Gaining Benefits from Internships

 

Criminal justice majors interning with GBI

KENNESAW, Ga. (Mar 11, 2020) — Emily Apodaca and Anderson John both developed an interest in criminal justice well before they started college. Now, as Kennesaw State University seniors, they are gaining valuable experience in that field by interning with the Georgia Bureau of Investigation.

Apodaca, who is in the accelerated bachelor’s/master’s criminal justice program, is interning five days a week with the GBI this semester while John, a criminal justice major, spends three days a week at the GBI while working two jobs. Both students also are taking their final KSU classes this spring and will graduate in May.

“This internship is super-beneficial because, first of all, I feel like it’s a foot in the door if I want to get a job with the GBI,” Apodaca said. “Also, I’ve been able to see what each division does – such as the investigative division or crisis intervention team or medical examiner’s office – so I’ll be able to narrow what division I want to go into better than if I wouldn’t have taken this internship.”

GBI Interns

The interns’ different experiences have included seeing the GBI’s bomb squad robot in action, visiting the morgue with an agent who was investigating a death and compiling data for a news release about the number of prescription drug overdose deaths in Georgia. One key role for Apodaca and John has been to attend nearly every day of the Georgia General Assembly session at the State Capitol to monitor bills that could have some impact on the GBI or other law enforcement agencies.

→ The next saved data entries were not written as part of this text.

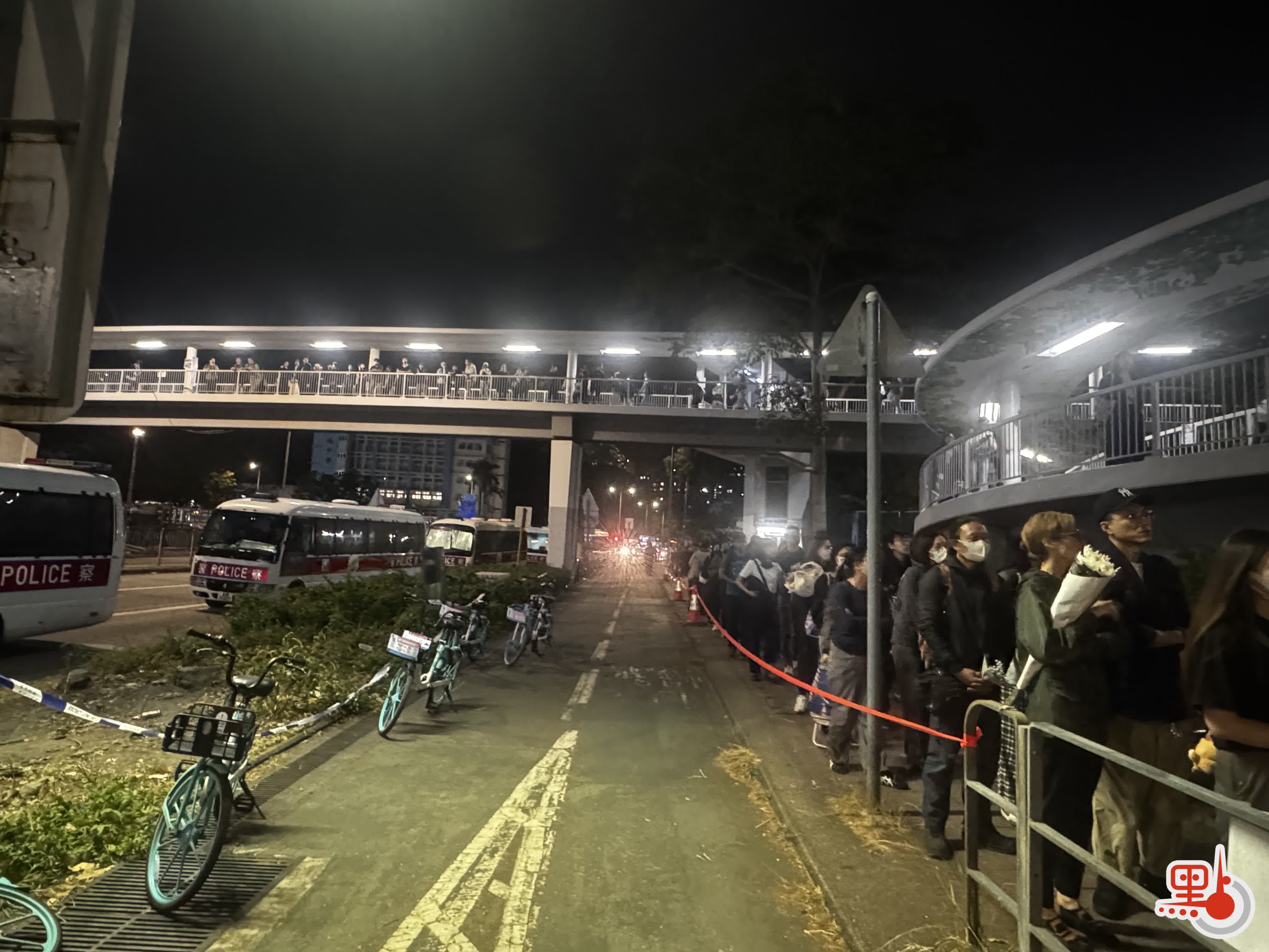 【點新聞報道】宏福苑五級大火發生至今已一周,今日(12月2日)正值罹難者的「頭七」。入夜後,前往宏福苑附近悼念的市民有增無減。晚上7時過後,從大埔墟港鐵站開始,沿路至宏福苑樓下,排起了長長的人龍。人們捧着花束,天橋上、河邊都站滿了人。
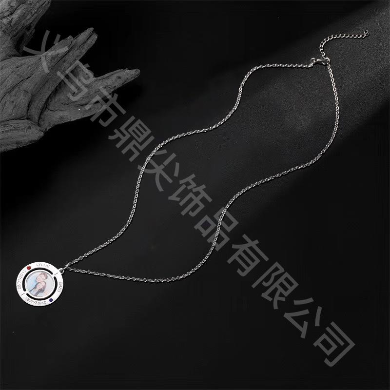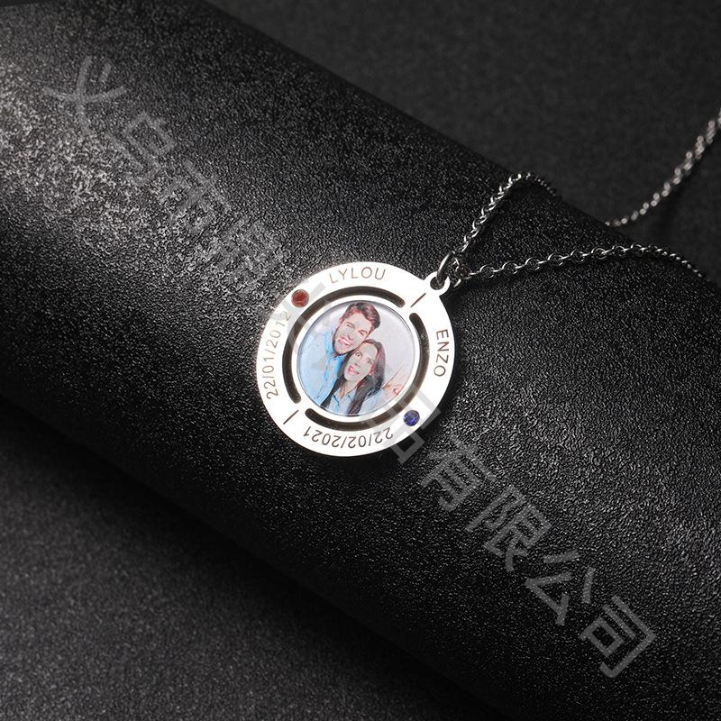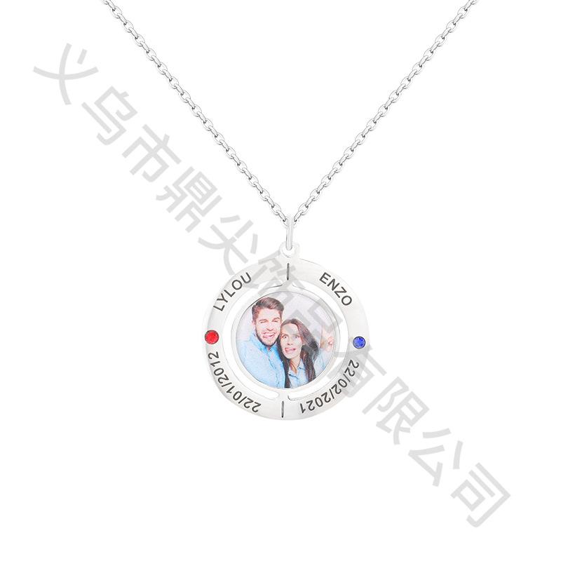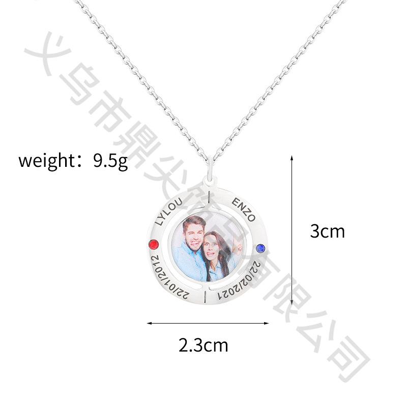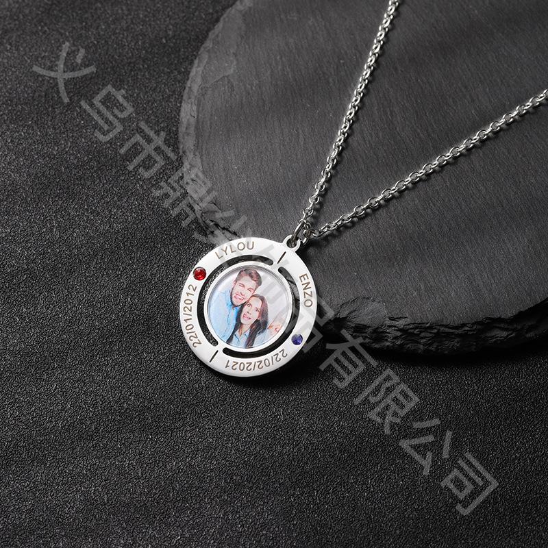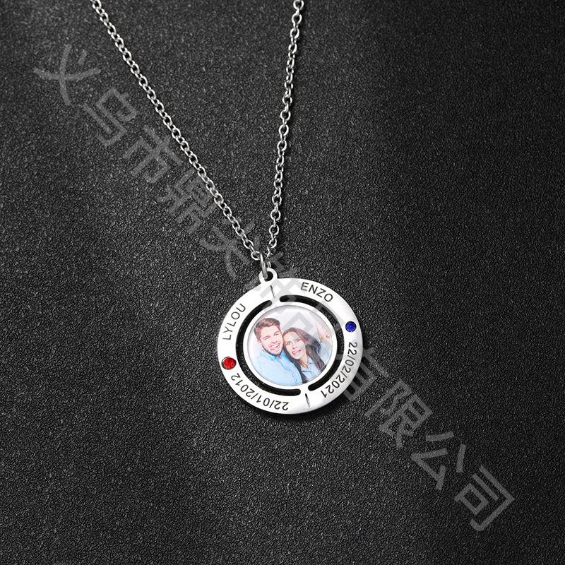 Anillo de moda transfronterizo con nombre y foto grabados, collar de diamantes, colgante versátil para pareja, regalo familiar.
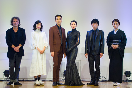 会見より。左から、デヴィッド・ルヴォー、相楽樹、井上芳雄、中谷美紀、成河、朝海ひかる 撮影:舞山秀一
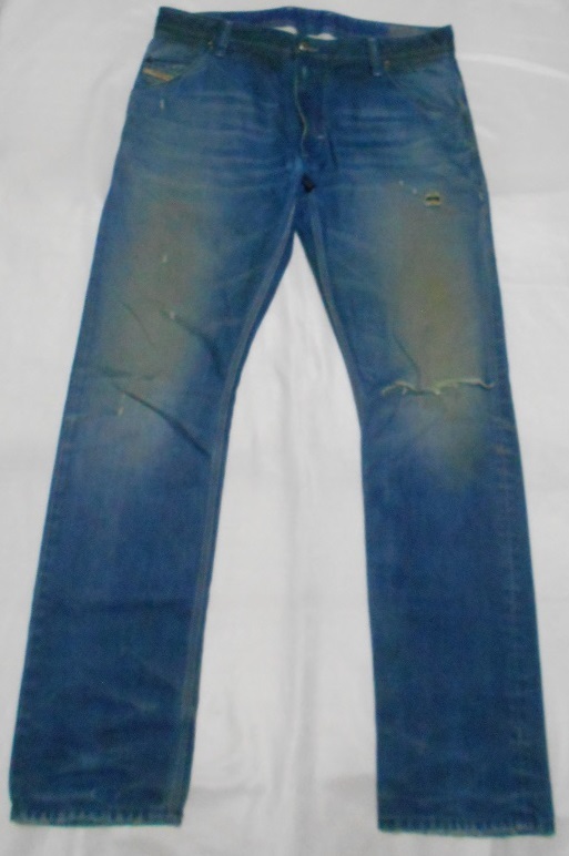 > DIESEL ディーゼル KROOLEY ブルーアイコン デニムジーンズ 0811P イタリア製 ダメージ クラッシュ W34
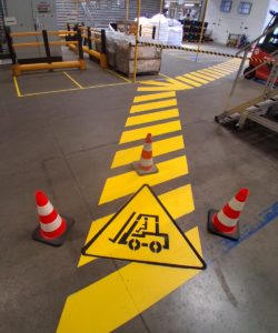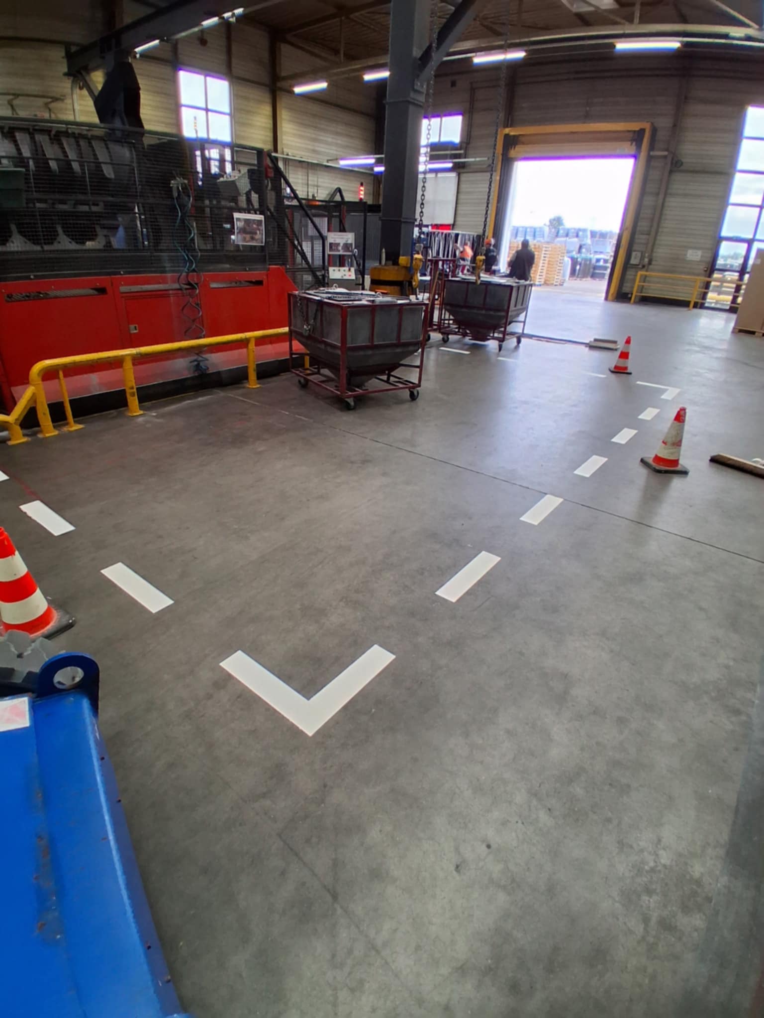 Mise en place de signalétiques au sein des entrepôts, usines et bâtiments professionnels : délimitations de zones, cheminements piétons, zones de sécurité, stationnements, etc.

Along the way, the Kennesaw State interns are making connections with a number of state leaders and policy makers. A memorable one occurred on the very first day of the legislative session, when John met a gentleman in a Georgia State Patrol uniform who struck up a conversation about the process of a bill becoming a law. John later realized that the man with whom he’d been talking was the chief executive of the Georgia Department of Public Safety.

“I wasn't completely sure who I was talking to, but he looked very familiar,” John said. “When I looked him up later on, I was surprised to find out that he is the man in charge of Georgia State Patrol. I understood in that moment the true value of this internship.”

Being involved with the GBI has been so beneficial that John acknowledged “if I could be there five days a week, I would” rather than juggling two jobs with his internship and coursework. Meanwhile, Apodaca, a commuter student, always has something interesting to tell her family after another day at the GBI.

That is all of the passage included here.